Nothing helped. Though there were times when he’d rally enough to give us hope, I knew in my heart he was leaving us. Desperate to remain in his dear company as long as I could, I performed every service a wife could, chafing his hands and offering whispers of comfort, and though I wept freely, no one now would fault me for it. The queen was so distraught that when she would appear, she needed to be carried from the room, to be bled herself to ease her hysteria. Most touching of all was my old rival Mrs. Gwyn: for from being ever a commoner, she was forbidden to enter the deathbed chamber, and kept by guards outside the king’s room. Instead she was left to crouch in the hall, sobbing at the same door that would never open for her.
As a duchess, I stayed with the king, believing it my rightful place, until at last his royal family was assembled and brought to say farewell. I stepped back, and through my tears watched as he gave a final blessing to our son, Richmond, now a sturdy young gentleman of twelve years, his last and dearest son. Richmond bent to kiss his father’s cheek, and then turned toward me, his handsome face contorted with suffering. With his tears streaming, he bowed to me with a courtliness that painfully reminded me of his father, offered me
his arm, and led me from the room. Young as he was, he understood why it was his duty to do so, and I did as well.
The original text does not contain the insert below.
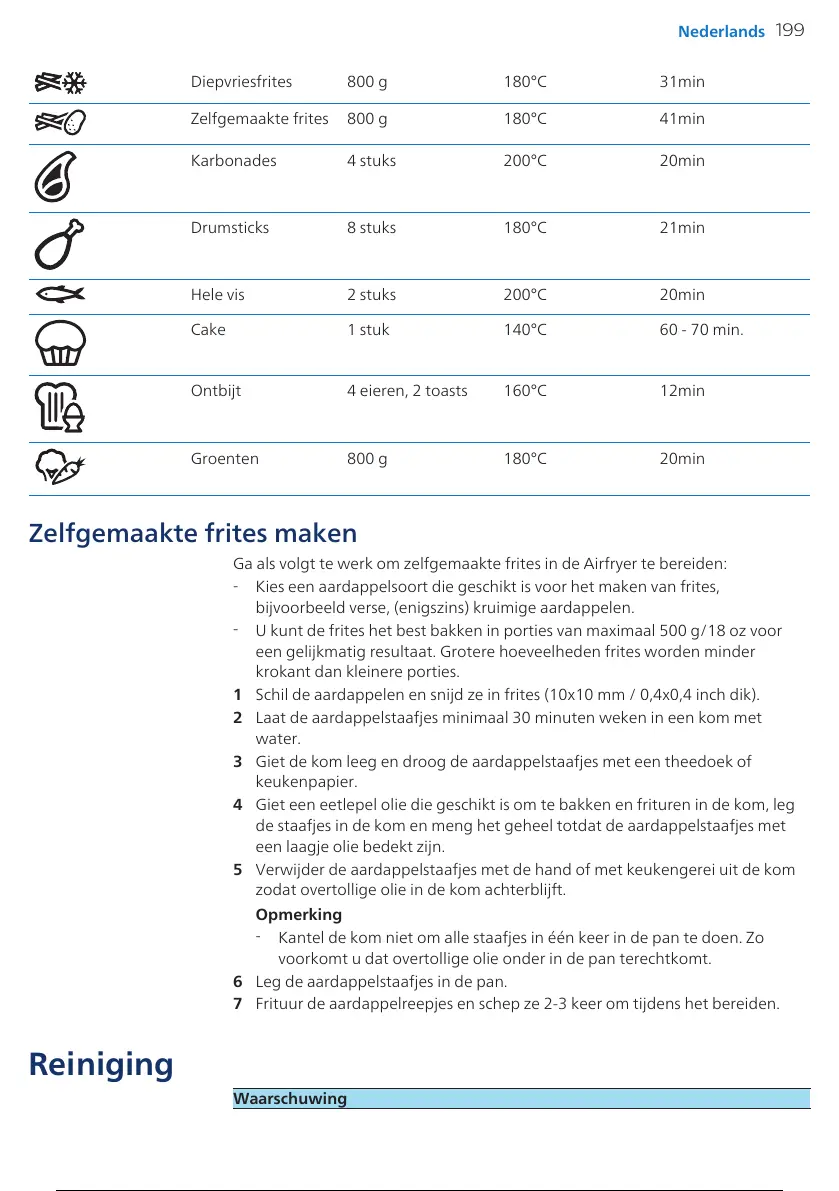 Zelfgemaakte frites 800 g 180°C 41min

No matter how I grieved for Charles, he remained the king, and I did not belong amidst the final royal farewells.
Yet throughout I noticed Charles had steadfastly refused to be given his last rites as an Anglican, claiming that it was too soon or that he was not ready. I remembered back to another such terrible scene, the death of his sister, Henriette, my dear Madame, and I recalled the comfort she’d found in the final ceremonies of the Catholic Church. Could it be that at last Charles wished it, too? I remembered what he’d told me at Windsor, when he’d been so ill with the fever, and how he’d believed that God had been directing him toward the True Church by saving him through Jesuit’s bark. Now that the end was undeniably near, could he truly have decided to preserve his soul in the rightful way?
I crept back to his chamber, determined to do this final duty. Only the Duke of York remained by his brother’s side, and I beckoned for him to join me out of Charles’s hearing.
“Lady Portsmouth,” he said through his own tears when he saw me. “You’ve returned.”
“Please, Your Grace, I must beg your indulgence,” I said. “It is my belief that His Majesty wishes to die in our faith. I beseech you, if you can, ask him. Ask him now!”
He looked at me sharply. “You are sure of this?”
I nodded, and he returned to his brother’s bedside, speaking to him in an earnest whisper I could not hear. It pained me that I could not ask so tender a question of Charles myself, but I knew the awful significance of it, and I knew, too, that as a Frenchwoman, my motives would be questioned. For Charles’s sake, it was his brother and heir who must ask, and when I heard Charles’s voice, stronger than it had been in days, make the final reply—“With all my heart”—I knew I’d followed both my duty and my love.